Mobile banking reduces expenses by allowing customers to review transactions, transfer funds, pay bills, and check balances without relatively expensive phone calls to a bank’s customer service call center. More than half of all customer service calls already come
in from mobile phones, and studies show consumers are twice as likely to have a cell phone than cash when out and about. Younger consumers, who are most likely to carry cell phones, are also heavy debit card users who require frequent balance checks.
Enhanced security with SMS transaction notifications and the ability to turn card accounts on or off, and new technologies like mobile check deposit, in which you simply take a cell phone picture of the check, are contributing to the increasing popularity of mobile banking. Eventually, mobile phones may even replace ATMs and credit cards.
About 10% of U.S. households currently use mobile banking, according to market research firm Nielsen, and Forrester predicts that one in five adults in the U.S. will
be us ing mobile banking by 2015:
“Consumer adoption of smartphones and increasing use of the mobile Web will drive sustained growth of casual, informational use of mobile banking — to check balances, review transactions, or receive alerts. Creating preference for mobile banking broadly will require banks to deliver more obvious value and superior execution than other channels offer. Functionality like mobile remote deposit capture and contactless mobile payments alone, though, will not anchor mobile banking the way that bill payment and account transfers have done for online banking. Channel managers must address issues of duplicate functionality, marginal user experiences, and a general failure to exploit the most valuable aspects of the channel if mobile banking is to become a critical part of how consumers manage their accounts.”

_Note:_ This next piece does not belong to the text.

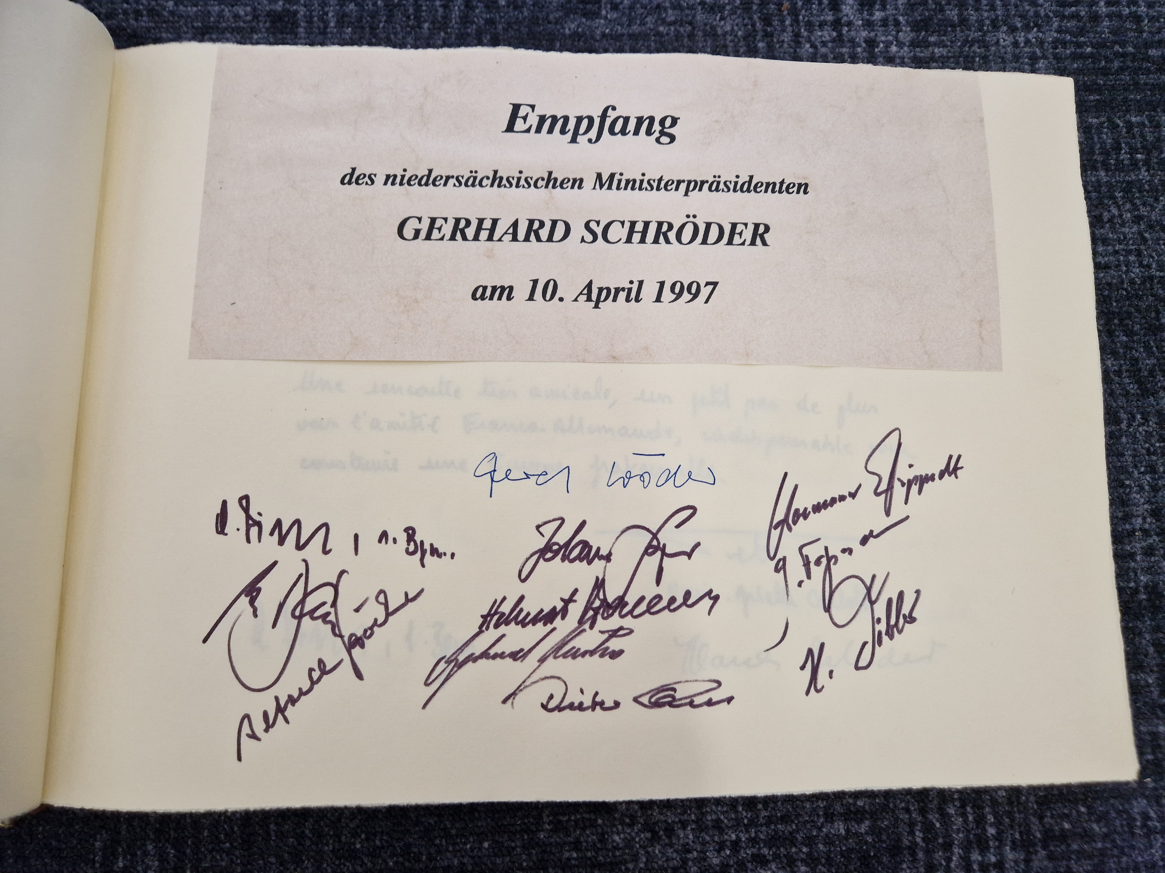 Damals noch als niedersächsischer Ministerpräsident im Amt besuchte Gerhard Schröder im April 1997 die Stadt Harburg und trug sich dabei in das Goldene Buch ein.

Standard, PC-based online banking is holding steady at around 40%, banks like USAA and Bank of America are reporting big increases in mobile banking in the last two years.
Like regular online banking, mobile banking won’t be for everyone. But as more banks and credit unions recognize the financial efficiency of mobile banking, they will invest in applications that make banking that much more convenient for their customers. And as those customers take advantage of the timesaving features provided by their banks, mobile banking will grow exponentially.